Let’s look at how to iron the sleeves of a shirt without arrows, while also touching the cuffs. The simplest thing is to use a special nozzle designed specifically for ironing cuffs and sleeves. But you can do without it.
- Spread the sleeves along the board, undo the buttons on the cuff.
- It is recommended to start ironing with the cuff, ironing it on both sides.If the cuff is double, first iron it unfolded, as usual, and after folding, making sure that the loops coincide, it remains to iron along the fold.
- When ironing a men’s shirt with long sleeves, you should try to get rid of the arrows. To do this, align the sleeve and place it on the edge of the board. Do not run the iron all the way to the fold line. Iron gently in the desired mode.
- Next, the sleeve is turned over so that the fold line is in the center. Now go over the center of the sleeve. Similar manipulations are carried out with the second sleeve.Be careful not to iron the arrows and force yourself to do this procedure again.
Sometimes it is necessary to have an arrow on the shirt – this is often true for products with short sleeves. Simply tuck the garment so that the arrow runs from the shoulder seam to the cuff. Please note that the arrows on the cuff should always be smoothed out.
A simple method can be used to save time and effort on ironing the sleeves of a shirt.For this, an ordinary rolling pin or bottle is taken, wrapped in a terry towel, and a kind of roller is obtained. Insert it into the sleeve and iron it on all sides.
To iron the shoulders, use the narrow section of the board – put on a shirt. The product is placed on the edge of the ironing surface in such a way as to first iron the left shoulder and then the right shoulder, or vice versa.
Make the most of the iron spout to reach tricky areas and get rid of all wrinkles.Once one shoulder is smoothed, start working on the next.
Front and back
It is important to be able to iron the front and back of the shirt correctly:
- It is better to start from the part where the buttons are sewn. Place the shirt on the board, trying to cover most of the front of the garment.
- Walk carefully around the collar so that there are no wrinkles, as even from under the tie it will be visible.
- Iron around buttons, but do not use an iron over them as plastic melts easily when exposed to high temperatures.Or just turn the shirt inside out before ironing.

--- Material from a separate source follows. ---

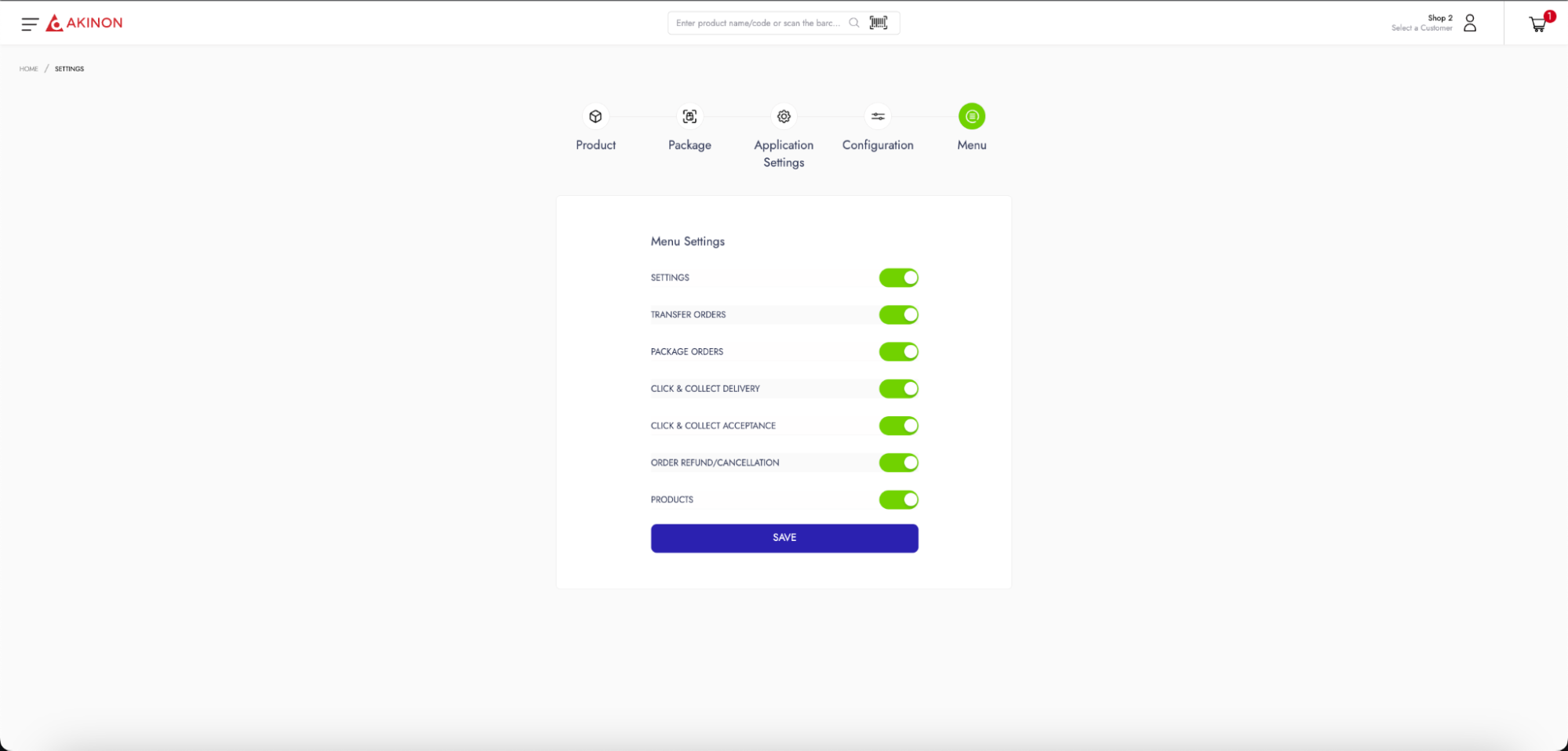 The settings of Instore, which are completed through ACC, can also be configured from the screens located under the **Settings** section in the left menu of the Instore user panel. Through these settings, the desired functions of Instore can be enabled, Instore pages that store employees want to use can be made visible, and visually, Instore can be customized. In addition to the settings screens in Omnitron, there are two extra settings screens named **Product** **Settings** and **Package Settings**.
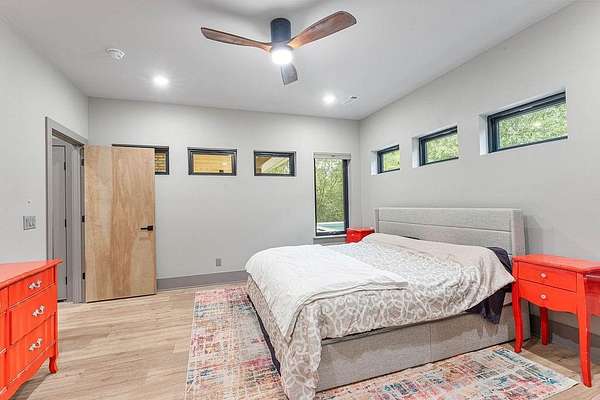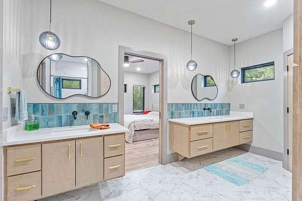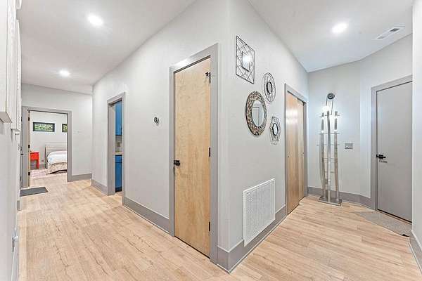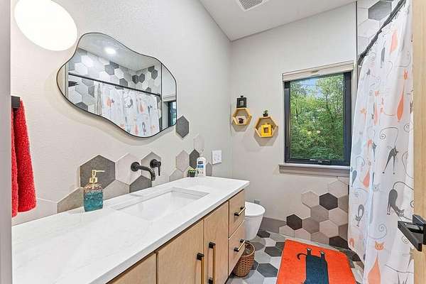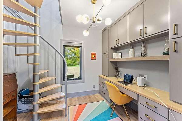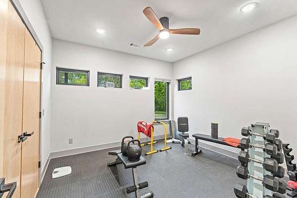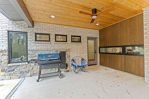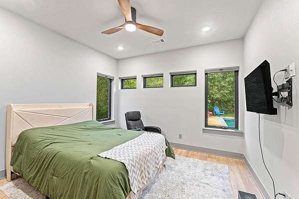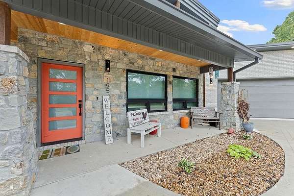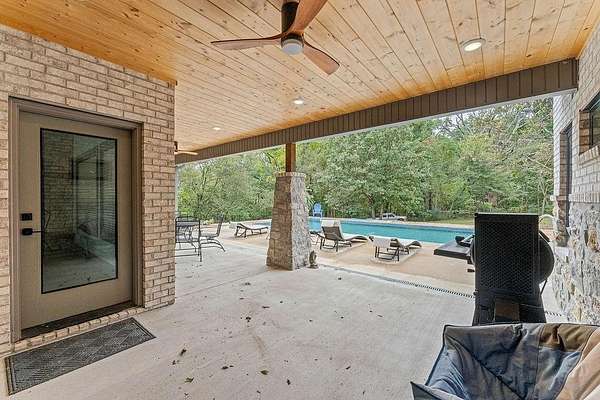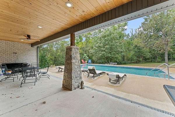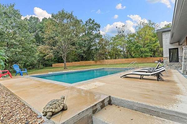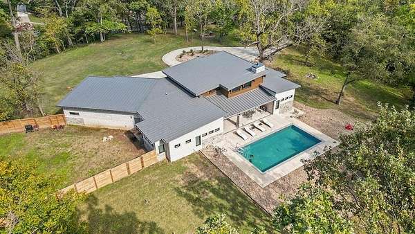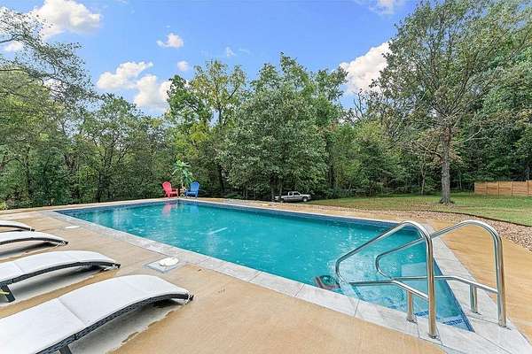 Discover this stunning home on nearly three private acres, perfectly located within walking distance to schools, shopping, restaurants, and more. Featuring 4 bedrooms and 2.5 baths, this home offers spacious walk-in closets, an oversized laundry room with built-in ironing space, and custom touches throughout including sliding barn doors and custom lighting in most rooms. Enjoy remote-control blinds, large windows that fill each room with natural light, and a unique wall art panel that opens to hidden bar closet. Step outside to your private hilltop retreat complete with an in-ground saltwater pool, fire pits for entertaining, and abundant wildlife. Spiral staircase leads to a versatile bonus room, perfect for a home office/game space. The three-car garage includes extra storage closet, and the circle drive adds convenience and curb appeal. Custom cabinetry designed for small pets. This is truly a rare find--a private, serene escape but still in the heart of town.

- Now drag the garment so that the back of the garment is on the board. Depending on the board, usually half to 2/3 of the clothing will fit on the work surface.
- When ironing, focus on the area near the collar.
- When you have finished with the back part, proceed again to the front, but this time from the side where there are no buttons. Walk well over the chest pocket area, if any. Do not forget about the space near the collar.
Since the main part of the shirt is ironed at this stage, and the procedure is carried out quickly, there are usually no problems with the front and back. The main thing here is not to forget about the available small areas near the collar and pocket. It is even better to bypass all the buttons on the shirt with an iron so as not to spoil them.
There is nothing particularly difficult in ironing a shirt yourself, no. Watch out for wrinkles, follow the sequence and do not forget about the choice of the mode.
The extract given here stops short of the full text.